Wednesday 7 August 2013

Note on Substance


Substance ought to be easy. 'Thus I assert thee' as I stumble over a stone, as it were. That's fine but then we are obliged to distinguish between 'stone' as stuff, generic stone and this particular stone called by Aristotle the primary substance and the former the secondary. By the way none of the interpretations of Aristotle's views are uncontroverted so shop around. However the primary/secondary division seems to me a sensible view of the basic furniture of the world or the floor we start from. The Advaitins who employ different criteria of what really is regard 'stuff' as more fundamental than individual items. In their airy way they assert that 'clay alone is real, things made from clay are mere names'. The changeless element, the material cause in the Aristotelian schema, is the clay and the various forms that are made out of clay are simply conventional names. We can see this view in some Western ontologists who would regard a table as 'timber arranged table-wise'. Is this a monist view which would regard our primal encounter as being with an undifferentiated continuum? Given evolution this seems unpersuasive as animals seem to be 'designed' to fit a habitat and prey. For the fox is a rabbit 'food arranged rabbit-wise'?

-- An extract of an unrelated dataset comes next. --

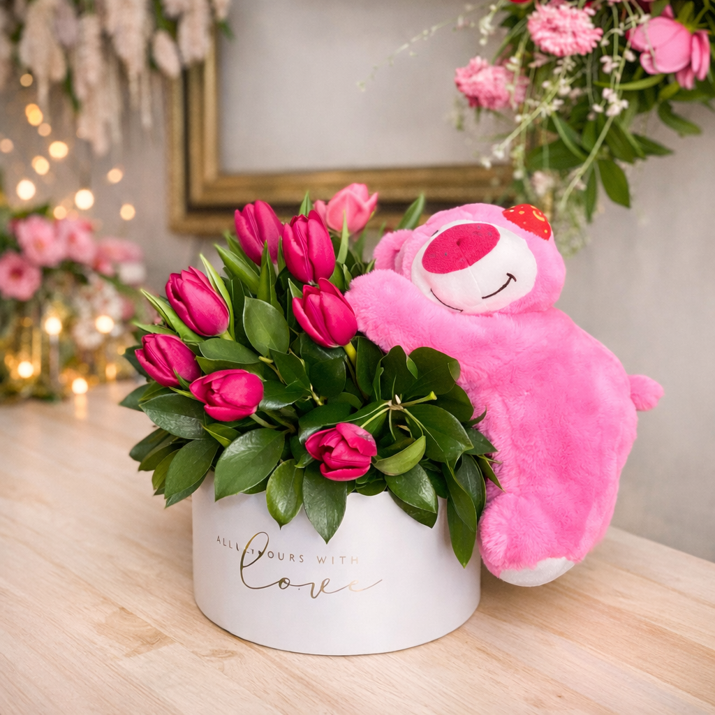 Ourson Fraise & Tulipes – Boîte Florale

The pramana of upamana seems to contradict the primacy of 'stuff' (cf various posts on the topic of upamana by label). Recognising genus and species is a basic function of this innate means of knowledge ie. a means of knowledge not reducible to any other. Once we have decided on the criteria of division we can place everything. Encountering anything precipitates automatic sorting on however crude a basis. True but for the Advaitins their concept of 'the real' as changeless supervenes so the opposition may be more a contrast than a contradiction.

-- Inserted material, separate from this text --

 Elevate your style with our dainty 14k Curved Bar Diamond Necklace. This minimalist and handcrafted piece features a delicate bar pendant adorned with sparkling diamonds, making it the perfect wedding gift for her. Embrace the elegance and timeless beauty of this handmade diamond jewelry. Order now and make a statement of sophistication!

The contrast that exists between everyday awareness and knowledge and the reality that underpins that knowledge is brought out in the concept of the primal reality of the substratum. At the risk of confusion it is arguable that the clay/vessels dichotomy with clay alone as real is merely an analogy for the reality of the substratum and the unreality of the upadhis/forms of limitation which the substratum manifests.

Or the characteristic of Brahman is Its being the material cause of the entire universe. By 'material cause' is meant the substratum of the superimposition of the universe, or the substratum of the cosmic illusion (maya) that transforms itself in the shape of the universe. It is in view of such material causality that Brahman and the universe have been described as identical in Sruti texts like the following: “This all is the Self” (Br.II.iv.6) “It became the gross and the subtle (Tai:II.6) and “Let Me multiply, let Me be effectively born (Ibid II.6, Ch.Up. VI, ii, 3) Conventional statements like, “The jar exists,” “The jar is manifest,” and “The jar is desirable,” are also on account of the superimposition of its identity with Brahman, the Existence-Knowledge-Bliss Absolute.